— Task prompt —
Return the lines of the listing below exactly as they appear, beginning at the one with "An essentially small" and stopping after the one with "chuyển cả ngày."; do not include pictures.

— Excerpted records —
►
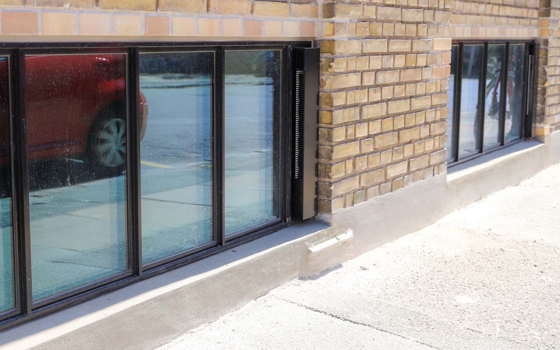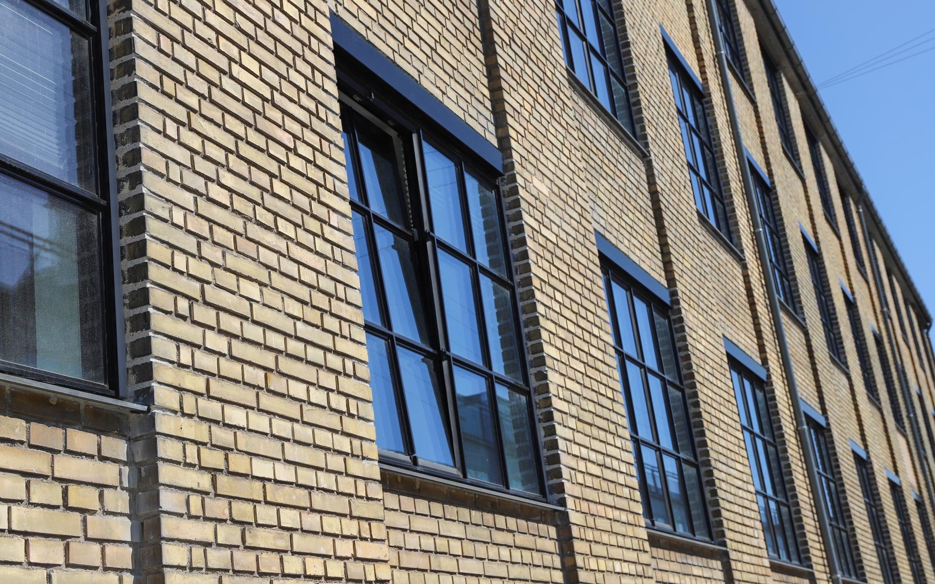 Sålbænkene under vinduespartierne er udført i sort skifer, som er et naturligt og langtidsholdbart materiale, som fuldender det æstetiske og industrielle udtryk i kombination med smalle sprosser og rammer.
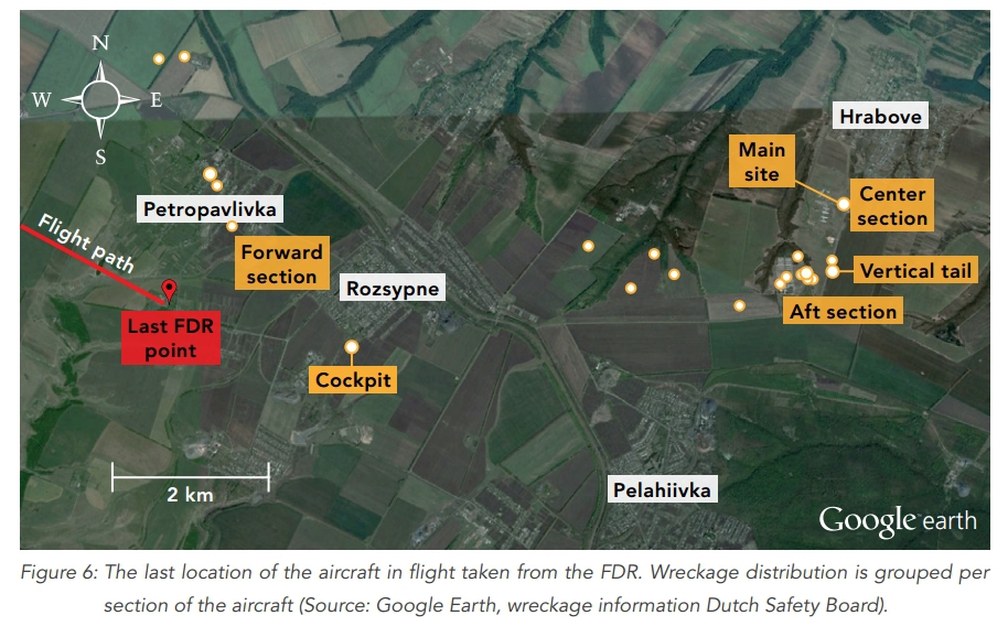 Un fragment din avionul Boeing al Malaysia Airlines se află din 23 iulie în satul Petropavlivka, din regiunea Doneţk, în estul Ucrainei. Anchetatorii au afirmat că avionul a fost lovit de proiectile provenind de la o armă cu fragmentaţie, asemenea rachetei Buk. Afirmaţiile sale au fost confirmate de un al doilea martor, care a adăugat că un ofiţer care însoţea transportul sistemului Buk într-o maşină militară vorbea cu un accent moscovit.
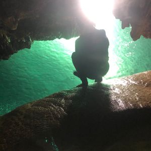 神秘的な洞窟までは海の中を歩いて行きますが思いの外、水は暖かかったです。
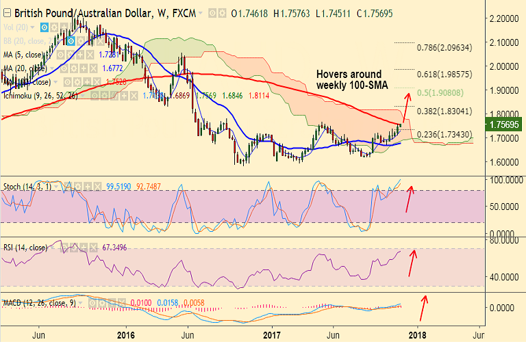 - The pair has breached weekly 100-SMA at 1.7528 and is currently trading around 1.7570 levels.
◄
►
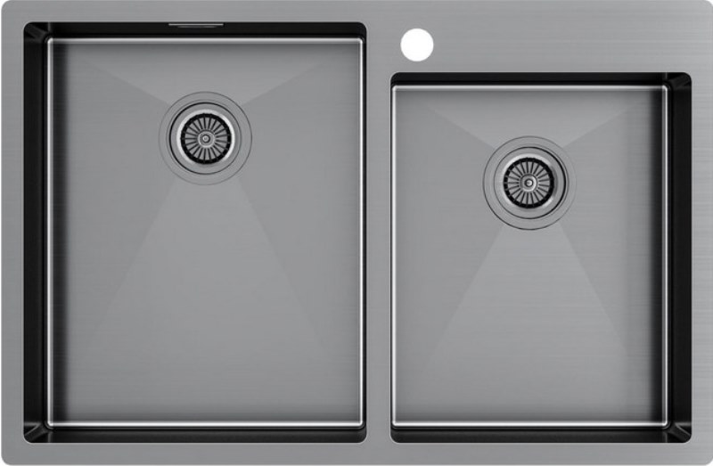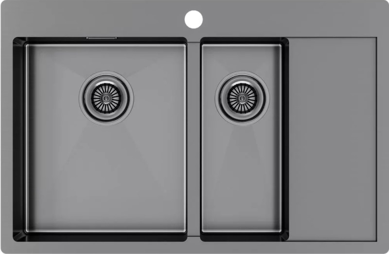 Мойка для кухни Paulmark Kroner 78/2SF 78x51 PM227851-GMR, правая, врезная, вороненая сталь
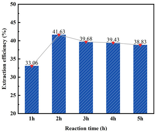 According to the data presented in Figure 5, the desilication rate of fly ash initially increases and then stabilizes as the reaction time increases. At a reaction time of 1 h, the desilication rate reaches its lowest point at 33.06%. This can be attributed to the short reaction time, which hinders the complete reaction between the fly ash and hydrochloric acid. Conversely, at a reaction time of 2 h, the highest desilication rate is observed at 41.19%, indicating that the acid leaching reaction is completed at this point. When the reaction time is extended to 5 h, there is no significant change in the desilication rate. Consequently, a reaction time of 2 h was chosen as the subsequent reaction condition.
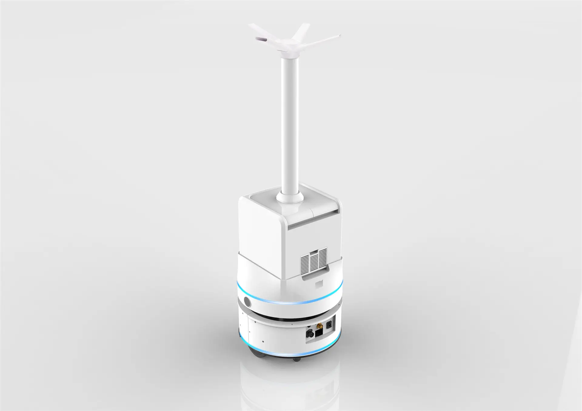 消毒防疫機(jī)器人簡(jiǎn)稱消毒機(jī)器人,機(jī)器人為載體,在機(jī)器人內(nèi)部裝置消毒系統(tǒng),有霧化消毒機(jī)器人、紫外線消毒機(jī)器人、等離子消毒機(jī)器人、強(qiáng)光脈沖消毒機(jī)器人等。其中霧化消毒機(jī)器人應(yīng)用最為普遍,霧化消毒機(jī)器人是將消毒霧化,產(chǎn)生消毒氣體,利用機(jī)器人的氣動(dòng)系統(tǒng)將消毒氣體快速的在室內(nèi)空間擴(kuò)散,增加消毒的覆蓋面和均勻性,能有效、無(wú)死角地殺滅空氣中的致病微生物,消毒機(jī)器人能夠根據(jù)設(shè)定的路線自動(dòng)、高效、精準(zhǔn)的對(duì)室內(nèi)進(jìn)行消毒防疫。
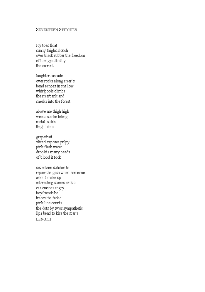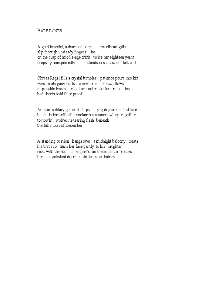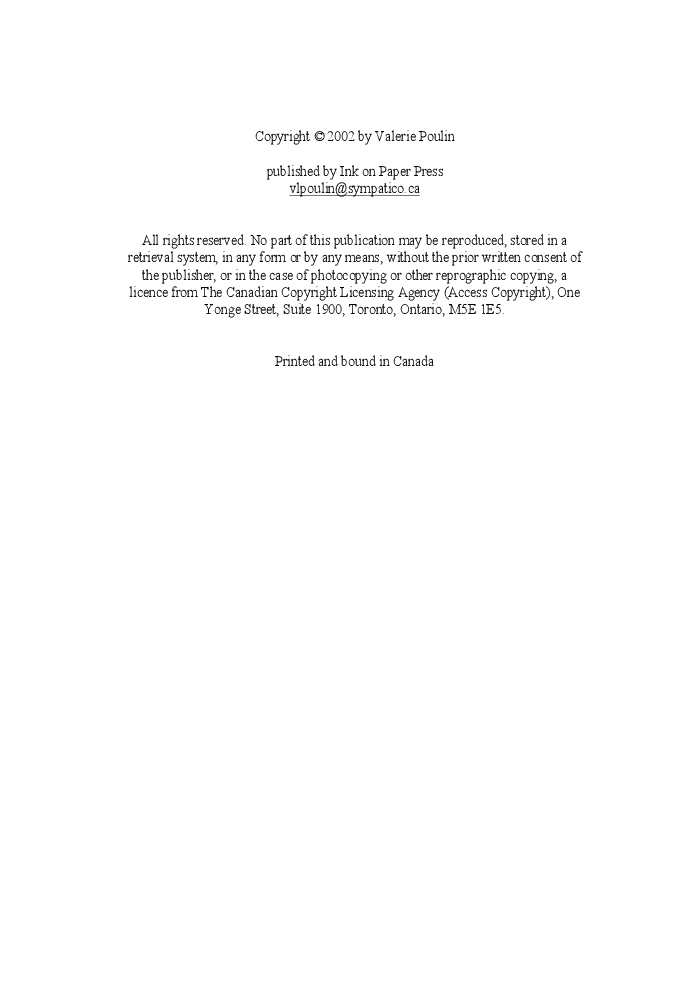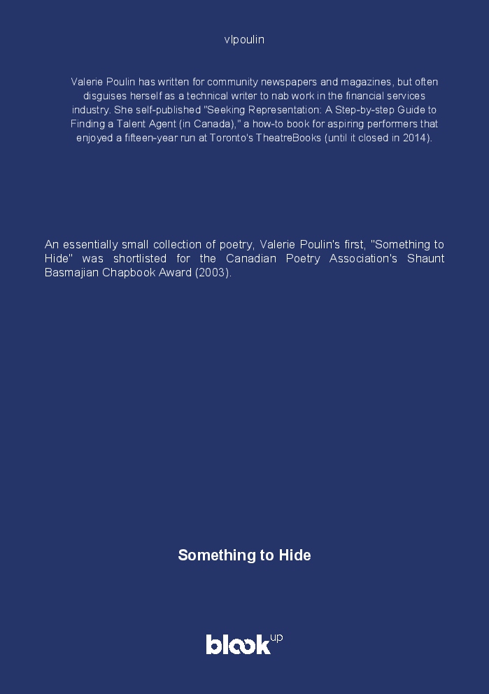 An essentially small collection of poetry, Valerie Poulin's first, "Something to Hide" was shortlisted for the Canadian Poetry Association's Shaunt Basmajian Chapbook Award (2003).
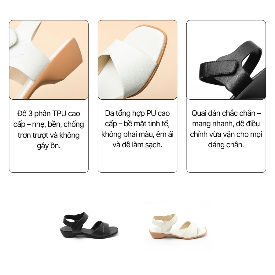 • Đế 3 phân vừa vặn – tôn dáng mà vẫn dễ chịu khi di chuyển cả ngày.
◄
— Result of the task —
 An essentially small collection of poetry, Valerie Poulin's first, "Something to Hide" was shortlisted for the Canadian Poetry Association's Shaunt Basmajian Chapbook Award (2003).
 • Đế 3 phân vừa vặn – tôn dáng mà vẫn dễ chịu khi di chuyển cả ngày.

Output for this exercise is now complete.